Plus de 30 ans de politiques néolibérales, comme ailleurs, comme en France, mais en plus gros. Faut-il rappeler que c’est au Chili qu’est né le néolibéralisme en même temps que la dictature de Pinochet en 1973 ? C’est ici que Milton Friedman et ses Chicago boys ont mis en place ce qui allait être un modèle indépassable pour toute la planète et qui partout a entraîné précarité, inégalités, pauvreté avec partout l’enrichissement sans précédent d’une bande de roublards cyniques.
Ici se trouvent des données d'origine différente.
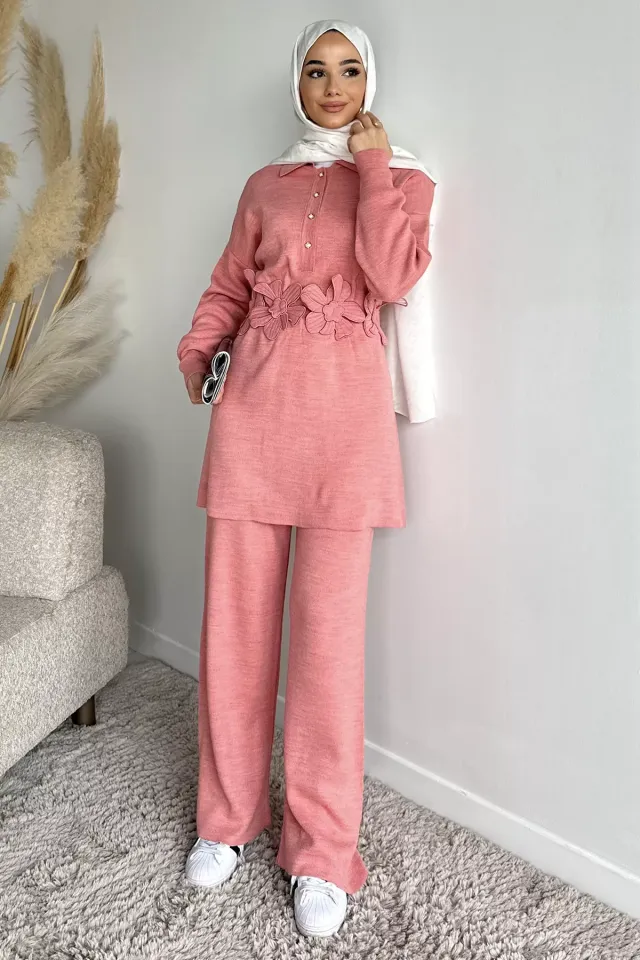 بلوزة بدون أكمام بياقة مطوية مع بنطال واسع بحزام. طقم أنيق من قطعتين يمنحكِ إطلالة عصرية وأنيقة، سواءً للمناسبات الرسمية أو الكاجوال.

Éducation, équipement, santé, retraites, tous les secteurs ont été privatisés. Le Chili est le pays le plus inégalitaire de l’OCDE, 1% de la population détient 25% de la richesse nationale. Un Chilien sur deux vit avec moins de 480 euros par mois - le revenu minimum -, pendant que quatre familles se partagent les richesses, avec en tête, le toujours bronzé Président Sebastián Piñera. 

Vendredi 18 octobre donc, les policiers tirent sur les étudiants mobilisés.
Dès le lendemain, les principales villes du pays se soulèvent : manifestations pacifiques et joyeuses, assemblées générales, grèves.
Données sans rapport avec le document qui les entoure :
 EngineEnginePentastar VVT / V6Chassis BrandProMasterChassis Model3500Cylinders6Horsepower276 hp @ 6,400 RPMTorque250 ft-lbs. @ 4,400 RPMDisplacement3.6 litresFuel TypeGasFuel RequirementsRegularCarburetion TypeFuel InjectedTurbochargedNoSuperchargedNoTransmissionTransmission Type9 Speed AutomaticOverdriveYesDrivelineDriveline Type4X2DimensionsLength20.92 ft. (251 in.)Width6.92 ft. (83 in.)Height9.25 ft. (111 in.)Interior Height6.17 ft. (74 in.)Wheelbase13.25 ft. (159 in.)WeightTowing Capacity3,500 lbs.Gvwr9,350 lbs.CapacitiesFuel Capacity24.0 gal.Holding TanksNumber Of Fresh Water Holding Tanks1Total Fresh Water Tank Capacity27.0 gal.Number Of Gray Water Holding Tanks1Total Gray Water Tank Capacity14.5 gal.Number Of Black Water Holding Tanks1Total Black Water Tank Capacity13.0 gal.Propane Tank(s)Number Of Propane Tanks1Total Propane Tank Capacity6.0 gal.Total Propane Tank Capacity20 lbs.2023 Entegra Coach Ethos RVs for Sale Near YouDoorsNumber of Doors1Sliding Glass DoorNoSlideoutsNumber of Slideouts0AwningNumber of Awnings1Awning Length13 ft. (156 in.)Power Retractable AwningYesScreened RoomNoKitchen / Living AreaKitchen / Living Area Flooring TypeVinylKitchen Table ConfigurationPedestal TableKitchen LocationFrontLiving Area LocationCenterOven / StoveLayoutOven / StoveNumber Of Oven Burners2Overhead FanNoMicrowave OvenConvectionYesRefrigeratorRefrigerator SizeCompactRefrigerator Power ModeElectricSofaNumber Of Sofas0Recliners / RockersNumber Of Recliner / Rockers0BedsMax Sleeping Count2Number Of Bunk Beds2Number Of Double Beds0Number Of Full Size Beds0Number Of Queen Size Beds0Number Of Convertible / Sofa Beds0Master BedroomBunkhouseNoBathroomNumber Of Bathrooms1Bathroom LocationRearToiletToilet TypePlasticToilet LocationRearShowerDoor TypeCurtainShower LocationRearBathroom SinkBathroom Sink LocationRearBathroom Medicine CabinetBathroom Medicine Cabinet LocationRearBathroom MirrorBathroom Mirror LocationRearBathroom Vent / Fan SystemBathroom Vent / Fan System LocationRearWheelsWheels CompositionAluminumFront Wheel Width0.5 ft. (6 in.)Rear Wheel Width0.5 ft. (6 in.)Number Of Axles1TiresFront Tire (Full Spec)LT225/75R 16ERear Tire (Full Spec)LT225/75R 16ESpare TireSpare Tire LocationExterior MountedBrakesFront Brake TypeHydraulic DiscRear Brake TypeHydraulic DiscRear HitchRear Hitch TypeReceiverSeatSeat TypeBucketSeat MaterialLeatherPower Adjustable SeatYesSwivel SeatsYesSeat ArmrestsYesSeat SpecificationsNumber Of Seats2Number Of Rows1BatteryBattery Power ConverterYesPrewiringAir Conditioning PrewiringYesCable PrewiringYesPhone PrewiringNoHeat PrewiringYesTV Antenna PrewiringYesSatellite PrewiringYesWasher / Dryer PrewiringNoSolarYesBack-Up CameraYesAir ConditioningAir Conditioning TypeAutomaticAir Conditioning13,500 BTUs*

En réponse le gouvernement impose l’état d’urgence avec un couvre-feu à partir de 19h, une première depuis 1987, depuis la dictature. Des milliers d’arrestations arbitraires, des humiliations, de fortes suspicions d’actes de tortures commis par des « agents de l’Etat » (d’après l’Institut National des Droits Humains au Chili, auprès duquel des plaintes ont été transmises) [1].

Après avoir déclaré que le pays était « en guerre contre un ennemi puissant implacable, qui ne respecte rien ni personne et qui est prêt à faire usage de la violence et de la délinquance sans aucune limite », le président Sebastian Piñera soudain se ravise et vient faire ses excuses au peuple chilien, demandant pardon, avec la franchise d’un mafieux de série B [2]. Sans doute sous la pression internationale ?
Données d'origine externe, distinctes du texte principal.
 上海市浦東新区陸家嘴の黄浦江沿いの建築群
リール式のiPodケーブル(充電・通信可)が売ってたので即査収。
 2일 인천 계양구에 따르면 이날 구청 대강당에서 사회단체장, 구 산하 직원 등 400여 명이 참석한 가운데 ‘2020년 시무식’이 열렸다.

Des excuses qui arrivent trop tard.

Mardi 22 octobre, alors que son discours était diffusé à la télévision chilienne, la vidéo d’un homme tué froidement d’une balle dans la tête par un militaire circulait sur les réseaux sociaux.

Des mouvements se multiplient à travers le monde pour les mêmes raisons : le pouvoir d’achat, les inégalités, la précarité, le mépris. Avec les morts du Chili comme avec les yeux et les mains arrachées des Gilets Jaunes depuis un an, nous entrons dans une nouvelle séquence où la violence d’un capitalisme en déroute n’est plus seulement symbolique. Le Chili de Pinochet a montré que le néolibéralisme était non seulement compatible avec la dictature mais que c’était là le meilleur cadre pour faire son bonheur et prospérer à sa guise.